Thursday, July 31, 2014

Economics FYBMM: Demand Analysis - Part 2: Demand Function and The Law of Demand


Demand Function:

As the quantity demanded of commodity X is a function of about eleven variables listed above, the function can be written as,

Qxd = f(Px,P1, Yd, U,Q,T,A . . . . etc)
Where, Px is price of X, P1 is price of substitute of X, Yd is disposable income of consumer, and U is utility etc.

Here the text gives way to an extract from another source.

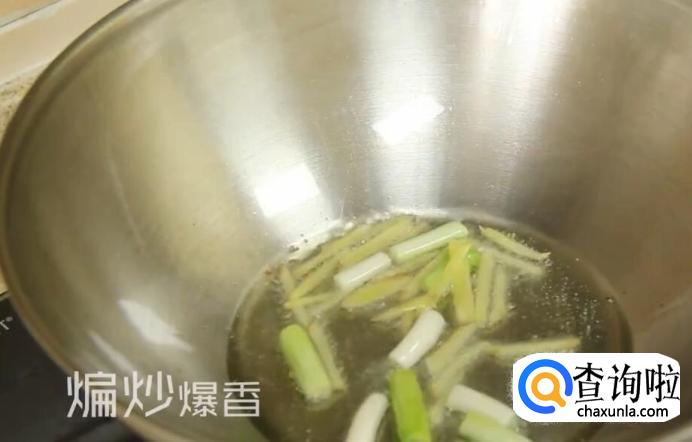 将葱白、姜丝炒出香味。

As this is a complex functional relationship, we assume that all the other variables are held constant and establish relation between Price of X and Quantity demanded of X.



Or
Qxd = f(Px)                                       where, P1 =P0; Yd =Yd0; U=U0; etc.



 The Law of Demand

As stated above the law of demand assumes factors other than price of commodity remain constant.
The law states, “Other things remaining the same the quantity demanded of a commodity X is inversely related to its price.”
Demand schedule indicates different quantities of commodity X demanded at various prices. When these are plotted on a graph we get a demand curve as below. This curve slopes down from left to right indicating the inverse relationship. 


Exceptions to the Law of Demand:

1. Expectations of further changes in prices and speculation.
When prices are rising, more quantities are demanded with the expectations that prices will rise further. This happens on Stock Exchanges.

2. Giffen’s Paradox.
In case of inferior good when the price falls, real income of consumer goes up and this increase is used to buy some other goods in stead of that inferior good [like bread]. This paradox is known as Giffen’s Paradox.


3. Qualitative Changes.
If the price is taken as a yardstick for quality, mere rise in price of a commodity may increase demand for it.


4. Price Illusions.
Consumer these days believes that higher the price better is the product, thus greater demand for it.


5. Display of Standard of Living.
Demonstration effect makes consumer buy high priced items like cars, jewelry to display his wealth.